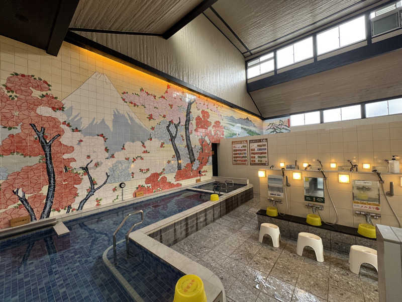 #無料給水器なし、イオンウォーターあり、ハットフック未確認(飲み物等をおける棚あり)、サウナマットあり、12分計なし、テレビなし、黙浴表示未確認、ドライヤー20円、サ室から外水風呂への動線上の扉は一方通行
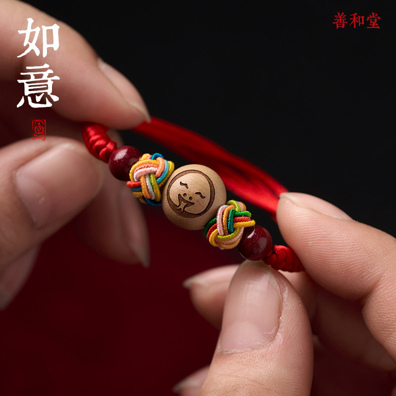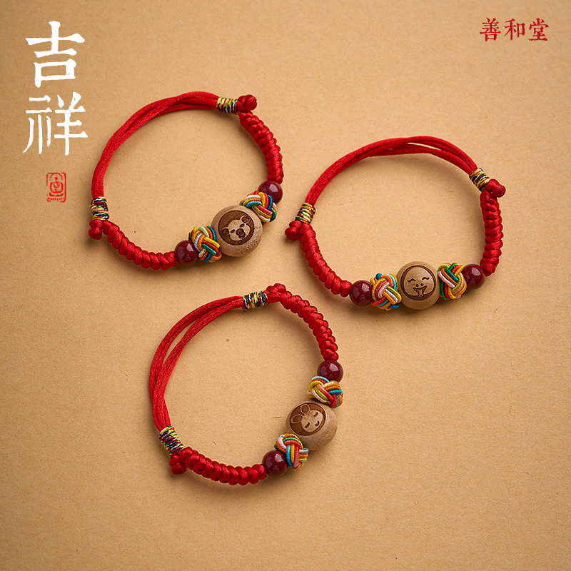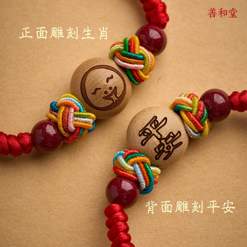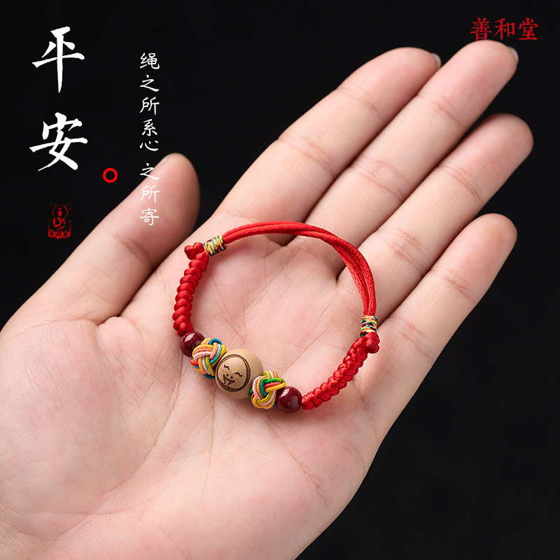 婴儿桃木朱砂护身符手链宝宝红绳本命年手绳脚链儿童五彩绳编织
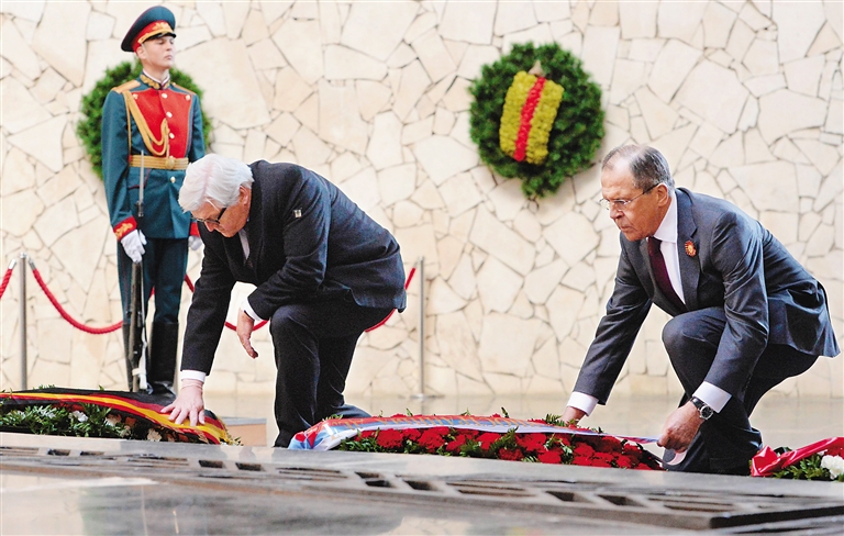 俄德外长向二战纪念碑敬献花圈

________________________________________

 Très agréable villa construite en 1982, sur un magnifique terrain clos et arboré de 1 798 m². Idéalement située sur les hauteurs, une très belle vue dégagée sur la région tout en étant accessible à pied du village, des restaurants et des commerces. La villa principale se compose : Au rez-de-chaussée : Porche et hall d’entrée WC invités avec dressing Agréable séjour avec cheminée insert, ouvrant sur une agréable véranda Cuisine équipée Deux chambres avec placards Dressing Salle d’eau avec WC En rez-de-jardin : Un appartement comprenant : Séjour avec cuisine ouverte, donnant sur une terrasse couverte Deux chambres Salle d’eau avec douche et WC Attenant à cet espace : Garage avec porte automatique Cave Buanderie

________________________________________

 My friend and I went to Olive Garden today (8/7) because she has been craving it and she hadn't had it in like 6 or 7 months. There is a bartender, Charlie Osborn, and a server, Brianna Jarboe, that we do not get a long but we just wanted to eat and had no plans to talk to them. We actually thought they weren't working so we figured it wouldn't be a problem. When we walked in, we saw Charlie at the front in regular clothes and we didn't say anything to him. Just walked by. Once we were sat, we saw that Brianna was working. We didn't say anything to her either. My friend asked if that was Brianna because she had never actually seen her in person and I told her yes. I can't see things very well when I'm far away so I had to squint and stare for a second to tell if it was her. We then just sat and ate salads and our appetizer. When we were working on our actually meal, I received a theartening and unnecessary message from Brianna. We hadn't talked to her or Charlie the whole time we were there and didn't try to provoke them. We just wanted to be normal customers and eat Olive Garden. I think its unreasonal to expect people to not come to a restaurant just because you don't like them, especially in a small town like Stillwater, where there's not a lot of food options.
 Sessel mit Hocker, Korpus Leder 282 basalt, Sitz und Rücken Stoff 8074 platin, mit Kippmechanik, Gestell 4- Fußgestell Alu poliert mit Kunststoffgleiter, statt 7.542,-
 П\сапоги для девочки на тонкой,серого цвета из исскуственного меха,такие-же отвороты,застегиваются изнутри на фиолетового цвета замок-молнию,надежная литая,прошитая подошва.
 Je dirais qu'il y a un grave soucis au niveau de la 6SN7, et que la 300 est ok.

________________________________________

## PROBLEM
While skipping the pictures, transcribe the data above from the line showing "婴儿桃木朱砂护身符手链宝宝红绳本命年手绳脚链儿童五彩绳编织" through the line showing "俄德外长向二战纪念碑敬献花圈", exactly and with both ends.

## ANSWER BOX
 婴儿桃木朱砂护身符手链宝宝红绳本命年手绳脚链儿童五彩绳编织
 俄德外长向二战纪念碑敬献花圈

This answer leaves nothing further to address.